Nessuno.Mercoledì 14 Novembre 2007. Letture: 782. Leggi i commenti.

Commenti: 38

  1. GT

    Che grandi motivazioni assurde che sono state date nella parte iniziale di questo articolo! Si notano alcune discordanze e la classica mentalità del sud. “Andare allo stadio diventa una odissea, centinaia di controlli” e dov’è il problema?
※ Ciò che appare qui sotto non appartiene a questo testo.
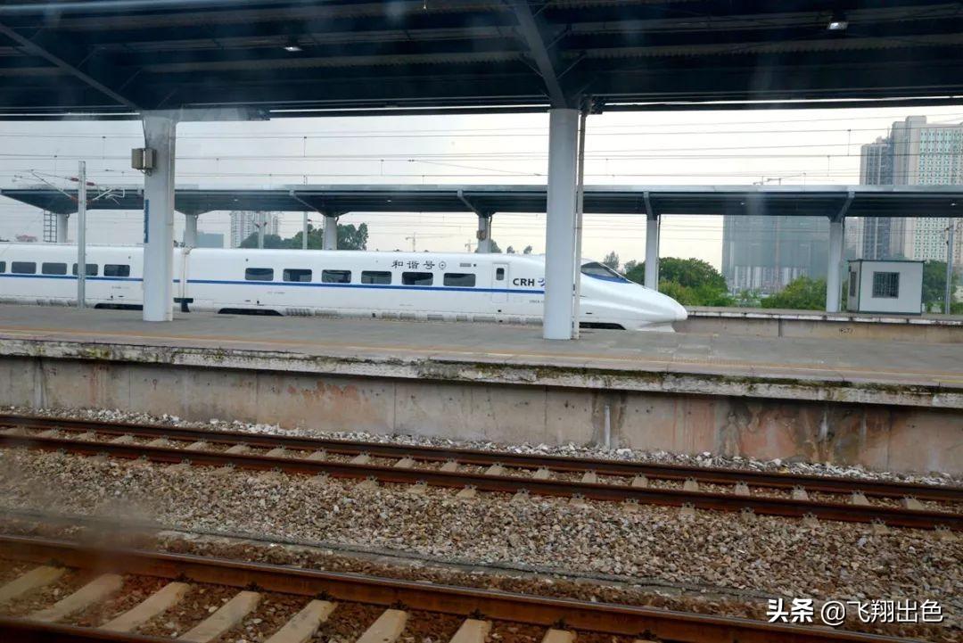 列车通过盐步附近,该区间是南广线、贵广线与广茂线并行,开往南宁、昆明、贵阳、重庆西等动车组匆匆而过,这些线路的开通使广东至西南省份的距离更近,时间更短。与此同时,广茂线却日薄西山。
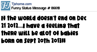 - # 70222 The Mayan Calendar says the world will end on Dec 21, 2012, which really means a lot of babies will be born on Sept 21, 2013.
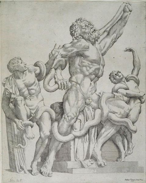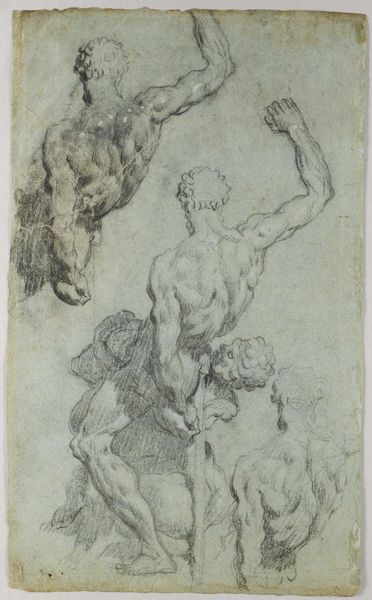 Editor: So, here we have an intriguing drawing from the 17th century, titled "Three male nudes from the Battle of Cascina." It's unsigned, simply attributed to 'Anonymous', done in pencil, and currently held at the SMK in Copenhagen. What I find most striking is the intensity and dynamic poses, even though it’s just a sketch. What can you tell me about the significance of this piece? Curator: Well, this drawing gives us insight into the artistic process of the time. It wasn't just about producing finished works; the preparatory sketches held value, revealing how artists studied anatomy and planned compositions, especially for large projects with political resonance. These ‘academic’ studies reflect not just the artist’s training but also the broader societal function of art as a tool for conveying power and idealizing the human form. Notice how the poses are somewhat theatrical. Why do you think that is? Editor: Perhaps to showcase the artist's skill or create a sense of drama appropriate for depicting a battle? Was the 'Battle of Cascina' a particularly important subject? Curator: Absolutely. The Battle of Cascina was intended to be depicted in the Palazzo Vecchio in Florence, and the commission itself—given to both Michelangelo and Leonardo da Vinci—was heavily laden with political implications for the Florentine Republic. These drawings become a sort of echo of that original civic aspiration. Think about the message these nudes would convey in a public space back then. Editor: Strength, civic duty, and perhaps an ideal of the male citizen soldier? Curator: Precisely. And consider the institutions that preserved these sketches: academies, private collections. They contributed to the canonization of artistic ideals and the formation of taste. Did these drawings only stay inside academies? Editor: Probably not exclusively. They would have circulated amongst artists and collectors. So a work like this sketch shows art working within very specific institutions to promote socio-political agendas. That makes sense. Thank you for making this insightful connection. Curator: Indeed! And reflecting on that connection reminds me how deeply intertwined art is with the society that produces it, both past and present.
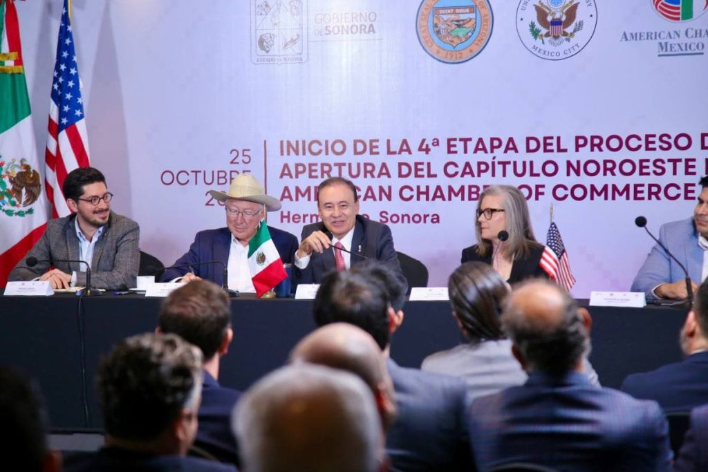 Hermosillo.- Con la última fase de la consolidación Capítulo Noroeste de American Chamber of Commerce of Mexico (AMCHAM), se fortalece el compromiso de promover prácticas internacionales de negocios y crear un ecosistema colaborativo entre los sectores público y privado en la región, con sede en Hermosillo, Sonora, hito alcanzado gracias al respaldo de empresas de ambos lados de la frontera, que marcan el inicio de una nueva etapa para Sonora y Estados Unidos, aseveró el gobernador Alfonso Durazo Montaño.

Vi rompono le scatole i controlli, oppure volete entrare allo stadio con le bottiglie le mazze, i coltelli…la verità è un’altra ( tralasciando stare la vicenda dell’omicidio che DEVE essere chiarita al più presto nonostante le circostanze dicano già tutto ), voi ultras ( voi inteso in senso impersonale ) volete andare allo stadio al 70% per fare casino, fracasso e rompere le PALLE ( e sono + che legittimato ad usare questo termine ), alle persone che la ci devono stare per ” portare la pagnotta a casa ” o semplicemente che vanno allo stadio per seguire la loro squadra del cuore, mentre VOI ultras ci andate ” Perchè vi va, perchè ne avete voglia ” iniziare a mettere questa semplice idea prima di cominciare un intero discorso.
    La guerriglia inscenata a Roma e nelle altre città ” Al fine di vendicare la morte di Gabriele “, o più semplicemente per far casino è stata una grandissima infamia, bastardata, se pensavate di poter far ” giustizia ” o punire i poliziotti in quel gesto avete sbagliato di grosso, non perchè i poliziotti siano degli intoccabili o quant’altro ( e non sto giustificando l’operato di nessuno ), ma per il semplice fatto che non è in questo modo che voi “punite” o quant’altro. Mi spiegate cosa sta a significare l’attacco alla caserma della Polizia di Stato di Roma? Addirittura il CONI che in tutto c’entra tranne che cn la Polizia.
    Poi ricordiamo che del poliziotto che ha esploso 2 colpi con la sua arma d’ordinanza conosciamo l’identità, chi ha distrutto il coni, una caserma, delle auto, dei motocicli, dei semafori, un pullman della polizia, ferito delle forze dell’ordine, non si conosce nè l’identità nè la faccia perchè avevano il volto coperto, e questo di cos’è segno? Lasciamo perdere..
    Rimango fermo della mia idea che si voleva avere una ” scusa ” per fare casino, per sfogare la propria rabbia, per “punire” le forze dell’ordine che moltissime volte hanno sospeso partite o arrestato ultras o più semplicemente imposto loro di non andare allo stadio, DOPO FATTI GRAVOSI SIA SOTTO IL PROFILO SOCIALE CHE NORMATIVO.
    Dopo questi spiacevoli eventi preferisco altamente chiudere gli stadii le cui tifoserie sono state protagoniste di scontri e poi vediamo se queste teste infami ( perchè solo queste possono essere ) la finiscono di dare fastidio!

  2. ZioCiccio

    A me non piace l’espressione “Quando a Catania ci furono gli scontri e morì, in circostanze oscure, l’Ispettore Raciti, tutto il circo del calcio si fermò… Oggi, invece nessuno si è fermato! Questa vergognosa decisione non ha senso.”.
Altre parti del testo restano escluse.